Sennett scrive il suo testo, qui citato da Bauman, nel 1998 (Sennet 1998, 2003, 2006). Oggi vi sono studi sui disturbi generati dalla flessibilità, anche dai tempi e ritmi lavorativi (Gallino 2005, 2007). Nella proposta analitica qui delineata ho tentato di ricondurre il fenomeno all’ambito che gli è proprio, quello sociale, per evitare che una condizione sociale venga percepita solo come individuale.

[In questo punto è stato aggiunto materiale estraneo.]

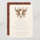 Invitación a la Boho Floral Skull Western Wedding - Celebra tu amor con un toque de encanto rústico y elegancia bohemia con nuestra invitación a la Boho Floral Skull Western Wedding. Esta cautivadora invitación mezcla el atractivo nebuloso de un cráneo de vaca con la suave belleza de las flores de color tierra, creando una sorprendente yuxtaposición que captura perfectamente la esencia de tu unión única. Al frente de la invitación, un cráneo de vaca adornado con belleza ocupa el centro del escenario, simbolizando fuerza, resiliencia y el espíritu del salvaje oeste. A su alrededor, un delicado surtido de flores de color tierra que le dan un toque suave y romántico a un entorno escarpado. Pasar la invitación a un segundo plano revela una deliciosa sorpresa: la espalda se elabora con un falso cuero grabado en relieve, evocando la autenticidad escarpada de la frontera occidental. Este elemento táctil añade profundidad y textura, invitando a sus invitados a experimentar la esencia del oeste salvaje desde el momento en que reciben su invitación. Con su mezcla de estilo bohemio y encanto occidental, nuestra Invitación a la Boho Floral Skull Western Wedding marca el tono para una inolvidable celebración del amor, la unidad y la belleza intemporal de la naturaleza.

Si tratta di una consapevolezza che rende necessaria la solidarietà, ma anche la responsabilità accademica affinchè condizioni sistemiche non vengano trasformate in condizioni biografiche. La sensazione di solitudine del cittadino globale deriva anche e soprattutto da questo: dal dover affrontare individualmente delle problematiche che sono invece sociali. La diagnosi può essere un primo passo verso la cura, citando per l’ultima volta Bauman:

"Oggi la sociologia è necessaria più di quanto lo sia mai stata in passato. Il compito in cui i sociologi sono esperti, quello di recuperare il legame perduto tra afflizione oggettiva e esperienza soggettiva, è diventato più urgente e indispensabile che mai" (Bauman 2000, ed. it. 2002: 251).

Il tempo è costruito socialmente. Le riflessioni qui proposte a partire dai testi di Marx, Simmel, Giddens e Bauman, mostrano quanto il lavoro e il sistema economico improntato sulla filosofia del denaro siano importanti nella costruzione sociale della categoria del tempo.